> _THE TASK_
Would you mind restating all of the records word for word, skipping the pictures?

> _INFORMATION SHOWN_

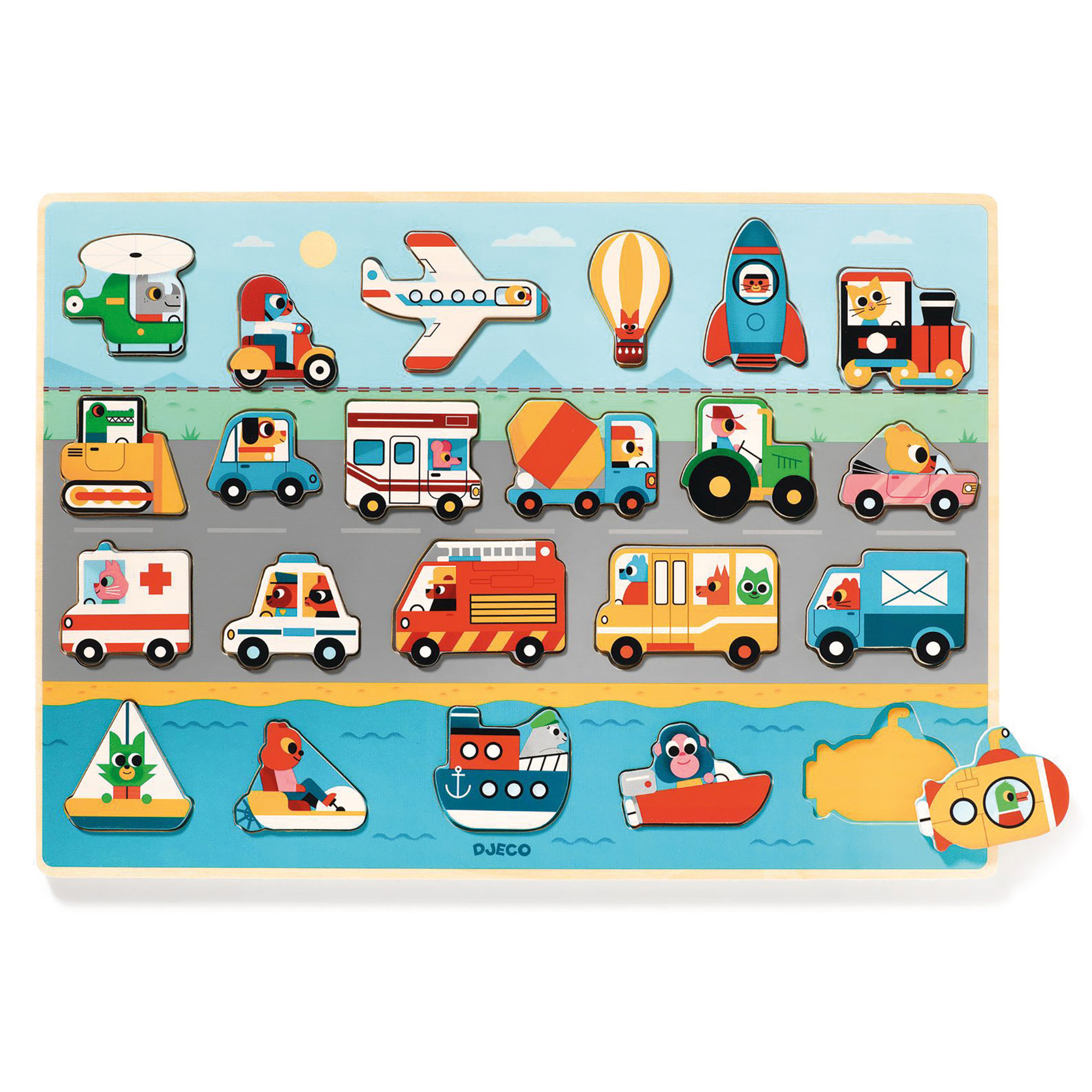 Welches Fahrzeug gehört wohin? Mit diesem farbenfrohen Holzpuzzle entdecken die Kleinen spielerisch die Welt der Fahrzeuge. Die 22 robusten Puzzleteile lassen sich dank ihrer dicken Form besonders gut greifen und fördern ganz nebenbei die Feinmotorik. Farbige Umrisse auf dem stabilen Puzzlebrett helfen dabei, die richtigen Stellen für jedes Teil zu finden und sorgen für schnelle Erfolgserlebnisse
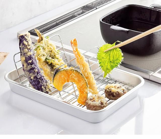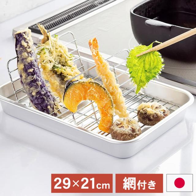日本製 油が切れる 立てるアミ付きバット 29×21cm アルミ製 揚げ物名人 S バット トレー 保存用 保存容器 揚げ物 天ぷら 水切り 角型 深型 アルミ製 バットセット
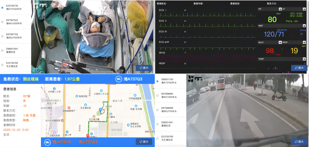 该平台纵向可对接省、县级 120 指挥平台,横向可与郴州市应急指挥中心、110、119、12345 等平台互联互通,上云后的救护车,在车内即可实现医疗数据收集处理,汇集、分析救护车上的 GPS 车载终端、监护仪、除颤仪、呼吸机等数据,并直接上传到指挥中心和医院急诊科室,抢占医疗急救黄金时间,极大提高了郴州市院前急救能力和应对突发公共事件紧急医疗救援的水平。
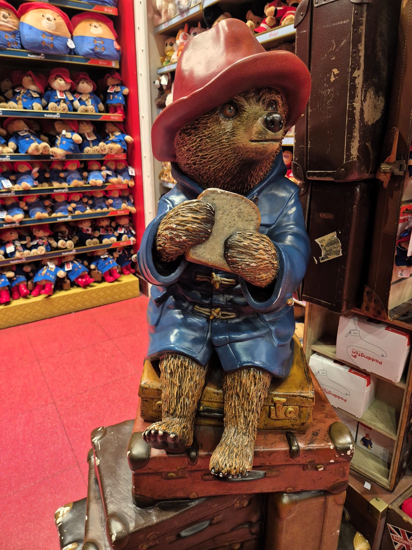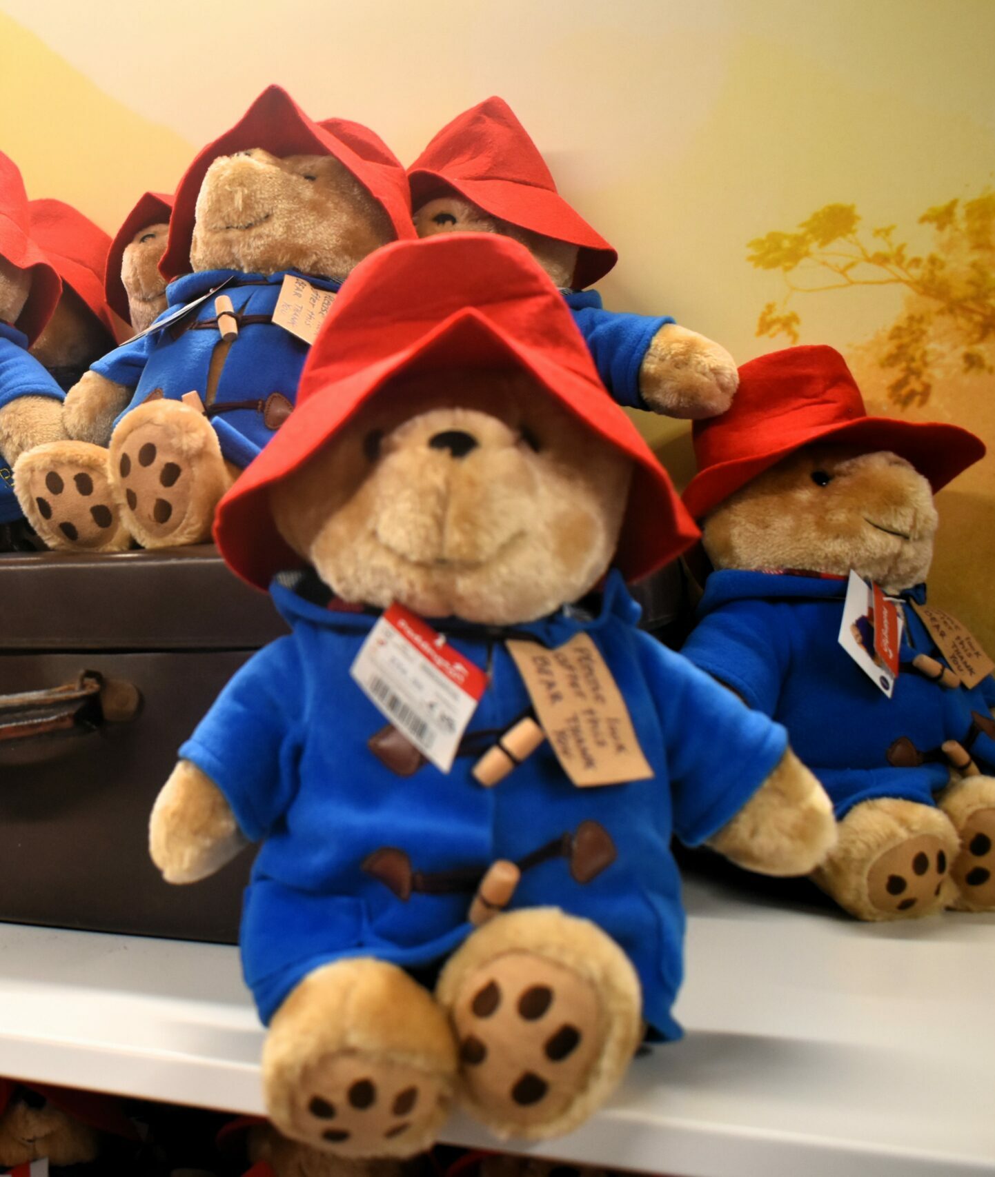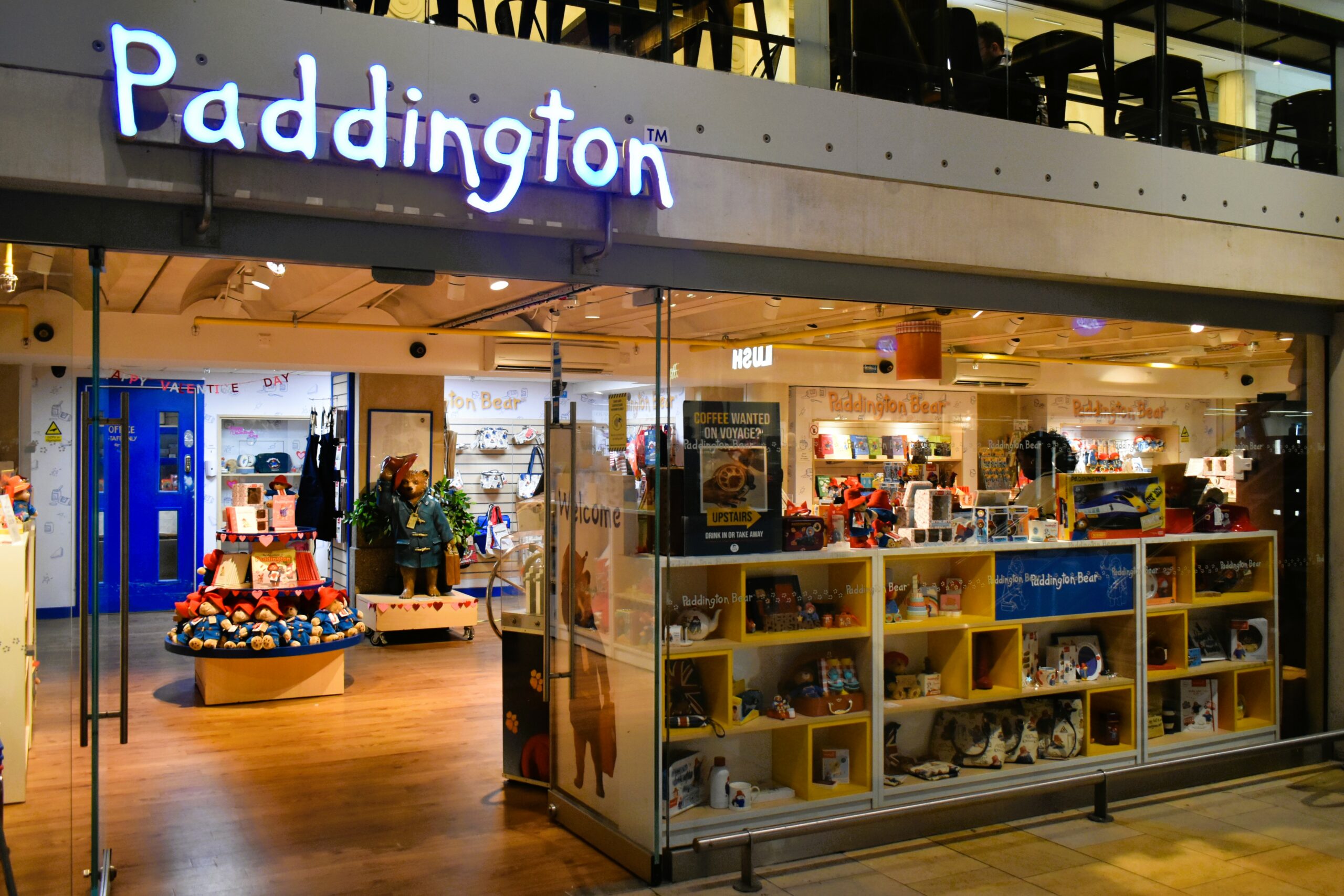 Όπως και με τα βιβλία, έτσι και τα τρυφερά ομοιώματα του Paddington, δεν θα μπορούσαν να λείπουν από τα εξειδικευμένα καταστήματα, τα φημισμένα παιχνιδάδικα του Λονδίνου. Ανεπανάληπτη εμπειρία ούτως ή άλλως για τα παιδιά και για όσους νοσταλγούν τα χρόνια της ανεμελιάς, το Hamley’s με πάνω από 250 χρόνια ιστορίας, ανήκει όχι μόνο στα παλαιότερα και καλύτερα καταστήματα παιχνιδιών της Ευρώπης, αλλά και σε εκείνη την κατηγορία μαγαζιών του Λονδίνου, όπου άνετα περνάς ολόκληρες ώρες χωρίς να το καταλάβεις. Εδώ, ο Paddington σταθερά κατέχει τη δική του προνομιακή θέση, όπου τον βρίσκουμε καταρχήν να ξαποσταίνει καθισμένος πάνω σε μια στοίβα βαλίτσες, τρώγοντας ένα ακόμη σάντουιτς μαρμελάδας. Εκατοντάδες λούτρινα αρκουδάκια με τη μορφή του γεμίζουν το αριστερό τμήμα του ισογείου του Hamley’s, κι αν δυσκολεύεστε να αποφασίσετε, ζητήστε τη βοήθεια των χαμογελαστών ξωτικών που τη γιορτινή περίοδο σκορπούν τη χαρά των Χριστουγέννων σε ολόκληρο το πολυώροφο κατάστημα.
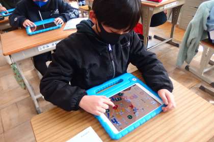 2月6日の東広瀬小学校(44) 公開日 2023/02/07 更新日 2023/02/07 活動の様子 4年生の外国語活動の時間です。 タブレットのアプリを使ってアルファベットの小文字を復習しているところです。
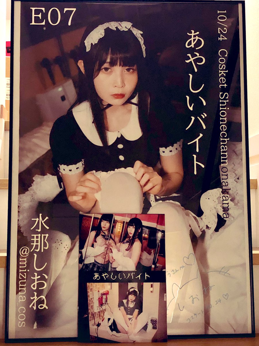 2021.10.24 コスケット 1部 水那しおねちゃん @mizuna_cos 新刊のあやしいバイト シーン毎セリフを妄想しちゃいました!えちえちでした♡ 次作 紙の質感UPに期待 #無許可掲載!? #ポスター額縁入れました #ミディアムボブ似合いすぎ
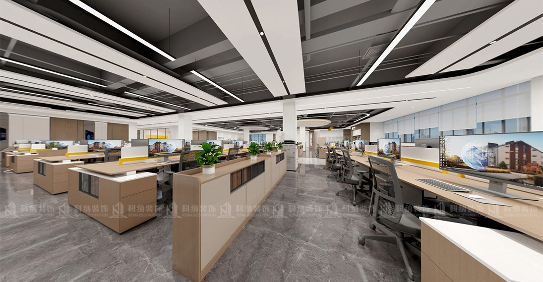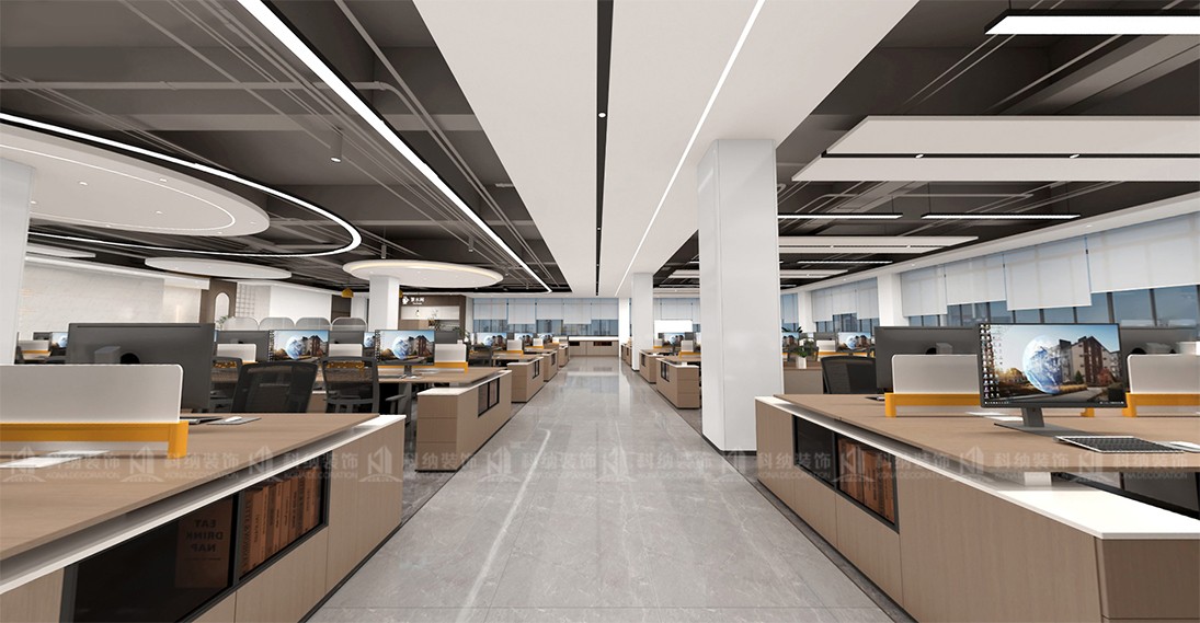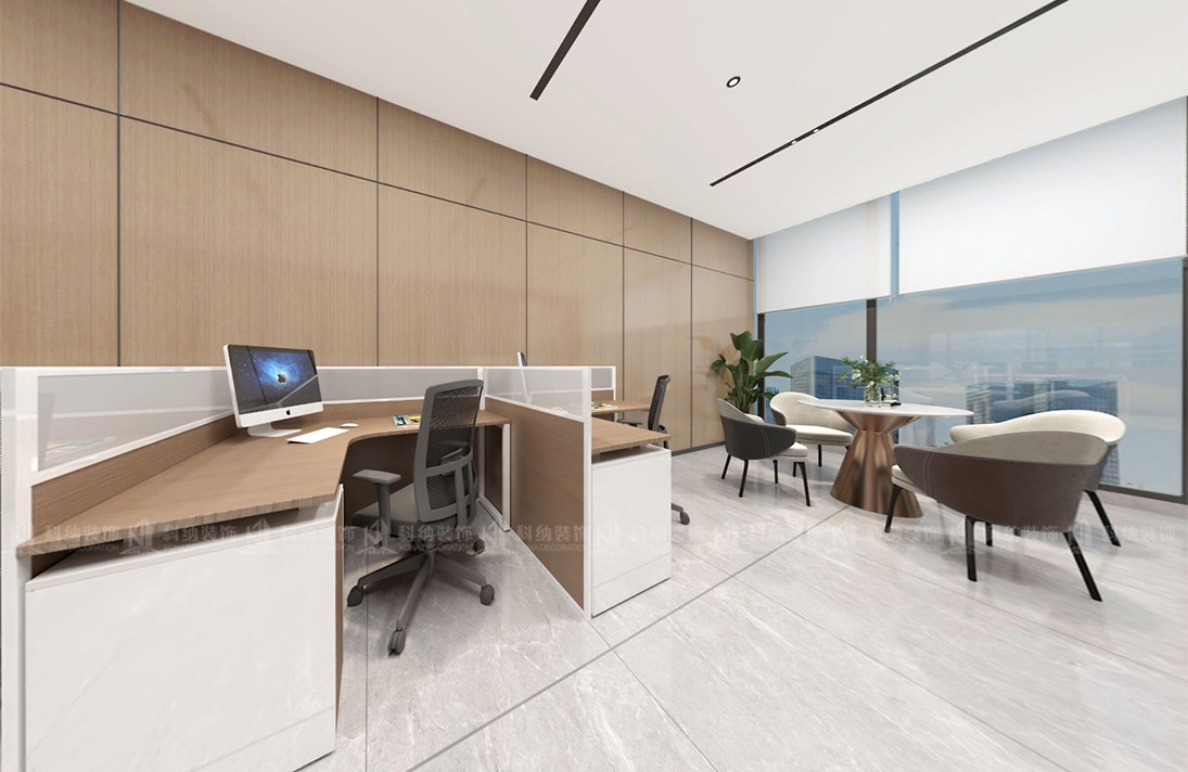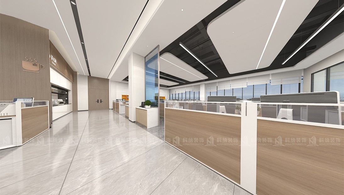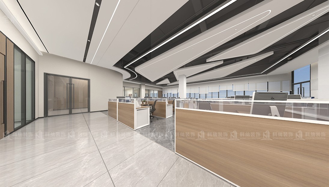 辦公空間的設(shè)計沿用了主體的設(shè)計風格,對光線與工位格局進行精心的設(shè)計布局,構(gòu) 建空間秩序感,為員工設(shè)計舒適的辦公環(huán)境。

> _SOLVED PROBLEM_
 Welches Fahrzeug gehört wohin? Mit diesem farbenfrohen Holzpuzzle entdecken die Kleinen spielerisch die Welt der Fahrzeuge. Die 22 robusten Puzzleteile lassen sich dank ihrer dicken Form besonders gut greifen und fördern ganz nebenbei die Feinmotorik. Farbige Umrisse auf dem stabilen Puzzlebrett helfen dabei, die richtigen Stellen für jedes Teil zu finden und sorgen für schnelle Erfolgserlebnisse
日本製 油が切れる 立てるアミ付きバット 29×21cm アルミ製 揚げ物名人 S バット トレー 保存用 保存容器 揚げ物 天ぷら 水切り 角型 深型 アルミ製 バットセット
 该平台纵向可对接省、县级 120 指挥平台,横向可与郴州市应急指挥中心、110、119、12345 等平台互联互通,上云后的救护车,在车内即可实现医疗数据收集处理,汇集、分析救护车上的 GPS 车载终端、监护仪、除颤仪、呼吸机等数据,并直接上传到指挥中心和医院急诊科室,抢占医疗急救黄金时间,极大提高了郴州市院前急救能力和应对突发公共事件紧急医疗救援的水平。
 Όπως και με τα βιβλία, έτσι και τα τρυφερά ομοιώματα του Paddington, δεν θα μπορούσαν να λείπουν από τα εξειδικευμένα καταστήματα, τα φημισμένα παιχνιδάδικα του Λονδίνου. Ανεπανάληπτη εμπειρία ούτως ή άλλως για τα παιδιά και για όσους νοσταλγούν τα χρόνια της ανεμελιάς, το Hamley’s με πάνω από 250 χρόνια ιστορίας, ανήκει όχι μόνο στα παλαιότερα και καλύτερα καταστήματα παιχνιδιών της Ευρώπης, αλλά και σε εκείνη την κατηγορία μαγαζιών του Λονδίνου, όπου άνετα περνάς ολόκληρες ώρες χωρίς να το καταλάβεις. Εδώ, ο Paddington σταθερά κατέχει τη δική του προνομιακή θέση, όπου τον βρίσκουμε καταρχήν να ξαποσταίνει καθισμένος πάνω σε μια στοίβα βαλίτσες, τρώγοντας ένα ακόμη σάντουιτς μαρμελάδας. Εκατοντάδες λούτρινα αρκουδάκια με τη μορφή του γεμίζουν το αριστερό τμήμα του ισογείου του Hamley’s, κι αν δυσκολεύεστε να αποφασίσετε, ζητήστε τη βοήθεια των χαμογελαστών ξωτικών που τη γιορτινή περίοδο σκορπούν τη χαρά των Χριστουγέννων σε ολόκληρο το πολυώροφο κατάστημα.
 2月6日の東広瀬小学校(44) 公開日 2023/02/07 更新日 2023/02/07 活動の様子 4年生の外国語活動の時間です。 タブレットのアプリを使ってアルファベットの小文字を復習しているところです。
 2021.10.24 コスケット 1部 水那しおねちゃん @mizuna_cos 新刊のあやしいバイト シーン毎セリフを妄想しちゃいました!えちえちでした♡ 次作 紙の質感UPに期待 #無許可掲載!? #ポスター額縁入れました #ミディアムボブ似合いすぎ
 辦公空間的設(shè)計沿用了主體的設(shè)計風格,對光線與工位格局進行精心的設(shè)計布局,構(gòu) 建空間秩序感,為員工設(shè)計舒適的辦公環(huán)境。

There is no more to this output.